ESG data are strongly recognized as critical assets for financial institutions and for the banking sector and Synesgy as a global digital platform allows to:
- Collect ESG data in a granular way.
- Understand their criticality as they will become the new protagonists in strategic and business model decisions as well as reputation on the market.
- Adapt business plans to ESG criteria especially in relation to credit risk policies. These plans must clearly outline a roadmap with verifiable milestones and describe a solid implementation and monitoring process.
Synesgy’s methodology follows the guidelines that policy makers worldwide are recommending in building the regulatory architecture to ease sustainable finance’s growth and development.
For example, according to the Principles for Responsible Investment, there are more than 750 policy tools and guidelines related to sustainable finance in place today – up from just 320 in 2012.
Many of these policy initiatives – from the EU’s Sustainable Finance Disclosure Regulation to alignment with recommendations from the Task Force on Climate-Related Financial Disclosures – mean that market participants need increasingly holistic datasets and key sustainability performance indicators to meet evolving regulatory requirements.
Additionally, it is to mention also the increasing importance of stakeholder management in explaining why double materiality is taking root for the disclosure and reporting of financial institutions – not only with policymakers but also among investors.

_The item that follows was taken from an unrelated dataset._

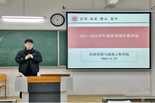 为贯彻落实学校下发的《关于做好bat365在线中国官网登录入口2021-2022学年度“优秀团支部”评选工作的通知》有关“优秀团支部”评选的文件精神,弘扬“党有号召 团有行动”的优良传统,展现团组织的向心力、凝聚力、战斗力。深入学习贯彻习近平新时代中国特色社会主义思想,激励学生刻苦学习、争优创先。经济管理与建筑工程学院于2022年11月27日,在一教215室开展2021--2022学年度“优秀团支部”评选活动。学院本着“公平、公正、公开”的原则,成立了由书记助理、团总支书记叶赵强、经济学学生支部书记、团总支副书记员禹辛、团总支组织委员、辅导员王绎程、团总支宣传委员、辅导员张雨停、团总支委员张晏五人组成评委小组,制定了考评标准。“优秀团支部”宣讲评选活动由院学生会宣传部部长韩大壮主持,2022级各班团支书到场学习观摩。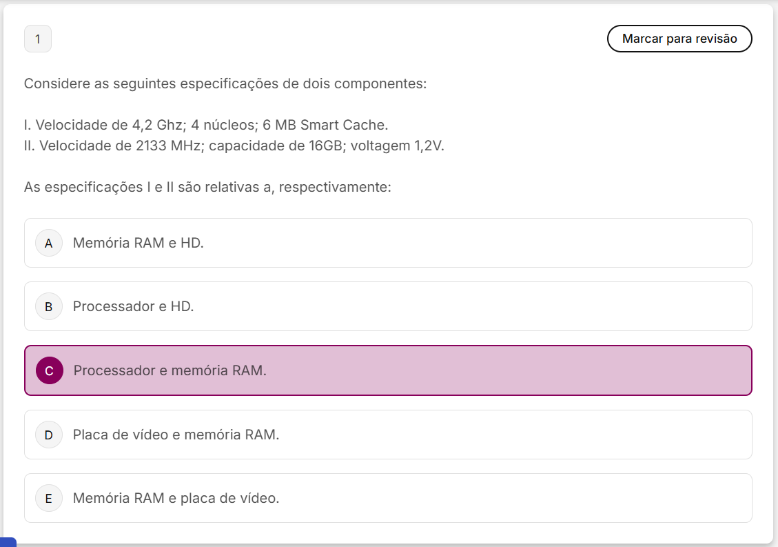 1 Marcar para revisão Considere as seguintes especificações de dois componentes: I. Velocidade de 4,2 Ghz; 4 núcleos; 6 MB Smart Cache. II. Velocidade de 2133 MHz; capacidade de 16GB; voltagem 1,2V. As especificações I e são relativas a, respectivamente: A Memória RAM e HD. B Processador e HD. Processador e memória RAM. D Placa de vídeo e memória RAM. E Memória RAM e placa de vídeo.

Certainly, a double materiality perspective captures the dynamic nature of materiality: sustainability issues today may evolve into financially material risks tomorrow.
To achieve the issues contained in the double materiality approach, regarding to both financial and sustainability aspects that financial institutions have to disclose, it is fundamental taking into account the guidelines emanated by the European Central Bank (ECB) in the thematic review into banks’ strategies and their governance and risk management frameworks, examining whether banks adequately identify and manage climate risks as well as environmental risks.
In fact the ECB set of the milestones for all Banks, plans to:
- by March 2023: to define a comprehensive materiality assessment of the impact of climate and environmental risks on their activities;
- by the end of March 2023: to define the inclusion of climate and environmental risks in their governance, strategy and risk management;
- by the end of 2024: to define the inclusion of climate and environmental risks integrated into stress testing frameworks.
In order to meet the above mentioned achievements, Synesgy is the right tool to align the regulatory frameworks and to assess the ESG performances of financial institutions portfolios and investments.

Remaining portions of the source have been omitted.